| WHAT IS BEING ASKED |
In the listing below, find the line containing "0,仍提供该宽度。 | 正数 |" and the line containing "Ordu'da 3 yaşında". Repeat exactly those two lines and every line between them, nothing more.

| DATASET EXTRACT |
★ ★ ★ ★

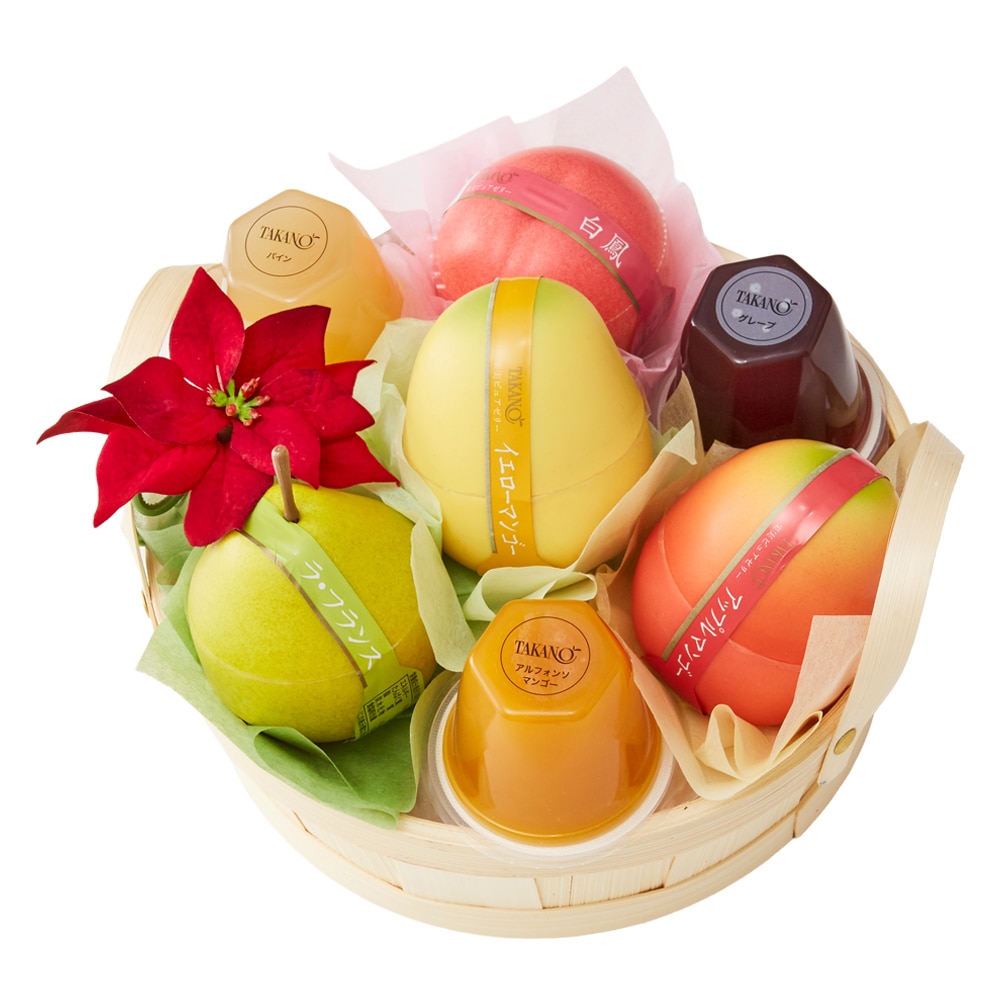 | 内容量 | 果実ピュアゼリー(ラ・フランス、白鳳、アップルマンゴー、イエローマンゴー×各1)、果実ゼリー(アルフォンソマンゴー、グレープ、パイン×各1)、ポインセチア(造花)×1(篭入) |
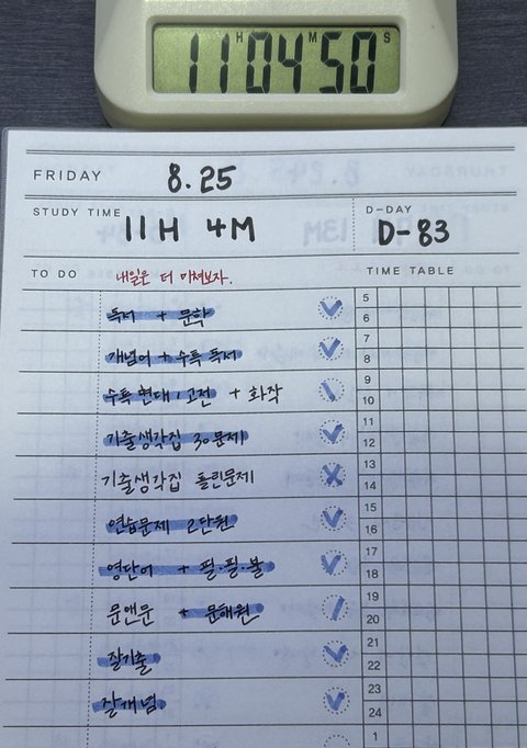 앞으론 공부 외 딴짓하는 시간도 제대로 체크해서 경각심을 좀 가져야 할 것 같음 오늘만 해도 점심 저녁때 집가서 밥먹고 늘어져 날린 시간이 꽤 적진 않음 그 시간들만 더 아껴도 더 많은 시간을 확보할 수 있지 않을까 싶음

★ ★ ★ ★

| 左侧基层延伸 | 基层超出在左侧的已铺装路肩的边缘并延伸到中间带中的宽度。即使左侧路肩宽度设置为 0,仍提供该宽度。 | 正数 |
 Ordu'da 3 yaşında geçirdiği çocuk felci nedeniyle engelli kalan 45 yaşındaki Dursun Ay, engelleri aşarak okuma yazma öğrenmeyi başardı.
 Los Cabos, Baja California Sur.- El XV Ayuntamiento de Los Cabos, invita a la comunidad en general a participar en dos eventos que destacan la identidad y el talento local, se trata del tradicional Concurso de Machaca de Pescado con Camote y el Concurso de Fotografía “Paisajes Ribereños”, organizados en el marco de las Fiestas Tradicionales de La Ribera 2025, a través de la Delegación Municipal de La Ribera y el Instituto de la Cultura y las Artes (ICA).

★ ★ ★ ★

| FINAL ANSWER |
| 左侧基层延伸 | 基层超出在左侧的已铺装路肩的边缘并延伸到中间带中的宽度。即使左侧路肩宽度设置为 0,仍提供该宽度。 | 正数 |
 Ordu'da 3 yaşında geçirdiği çocuk felci nedeniyle engelli kalan 45 yaşındaki Dursun Ay, engelleri aşarak okuma yazma öğrenmeyi başardı.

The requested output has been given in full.